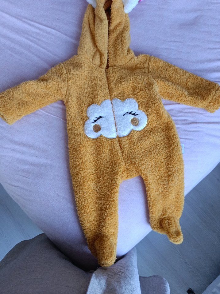 Sarı pastel renkte, yumuşak ve sıcak kumaştan yapılmış kapüşonlu bebek tulumu. Kürk detaylı ve baskılı bulut deseniyle sıcak tutar.
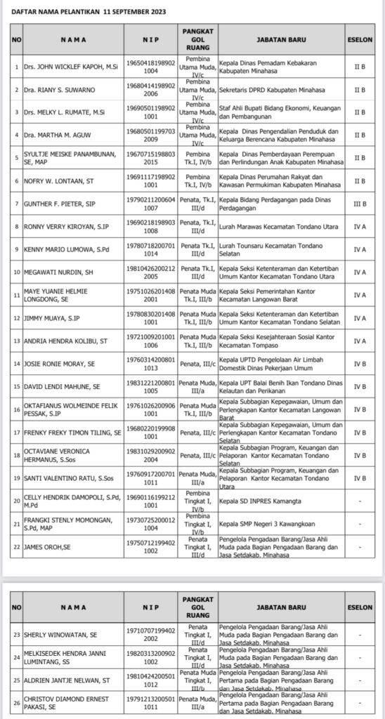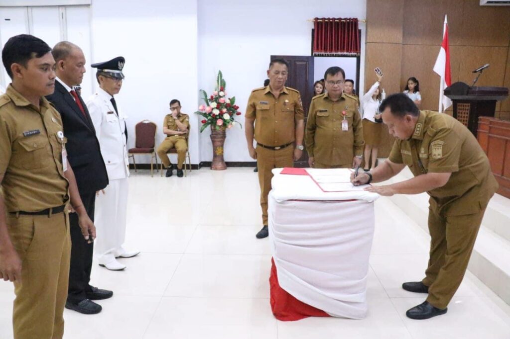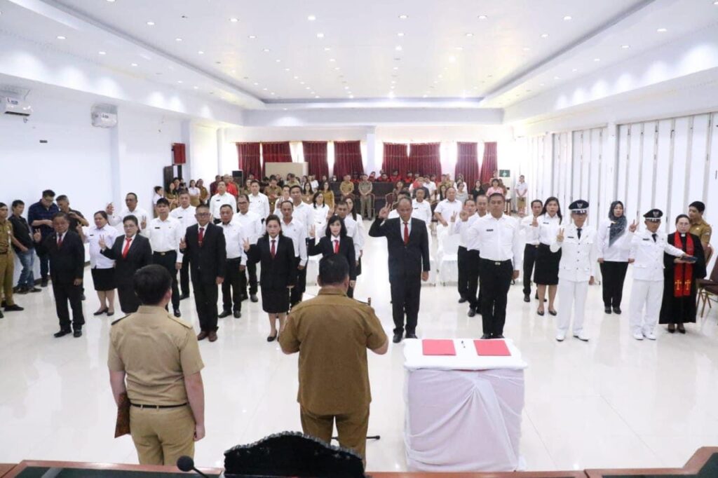 Channelindo.com, MINAHASA – Di akhir masa jabatannya sebagai Bupati dan Wakil Bupati Minahasa, Royke O Roring dan Robby Dondokambey melantik pejabat dalam jabatan Aministrator Pimpinan Tinggi Pratama, Jabatan Pengawas, Kepala Sekolah dan Jabatan Fungsional tertentu, di ruang sidang Kantor Bupati Minahasa Tondano, Senin 11/9/2023.
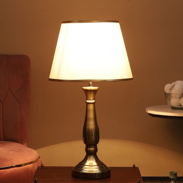 LEARC antique brass finish table lamp with light gold shade having golden border TL5014-D

• **WORK TASK**: Word for word, restate the lines from the one containing "Channelindo.com, MINAHASA –" through the end of the listing, and nothing more. Skip the pictures.

• **RESPONSE TO THIS TASK**:
 Channelindo.com, MINAHASA – Di akhir masa jabatannya sebagai Bupati dan Wakil Bupati Minahasa, Royke O Roring dan Robby Dondokambey melantik pejabat dalam jabatan Aministrator Pimpinan Tinggi Pratama, Jabatan Pengawas, Kepala Sekolah dan Jabatan Fungsional tertentu, di ruang sidang Kantor Bupati Minahasa Tondano, Senin 11/9/2023.
 LEARC antique brass finish table lamp with light gold shade having golden border TL5014-D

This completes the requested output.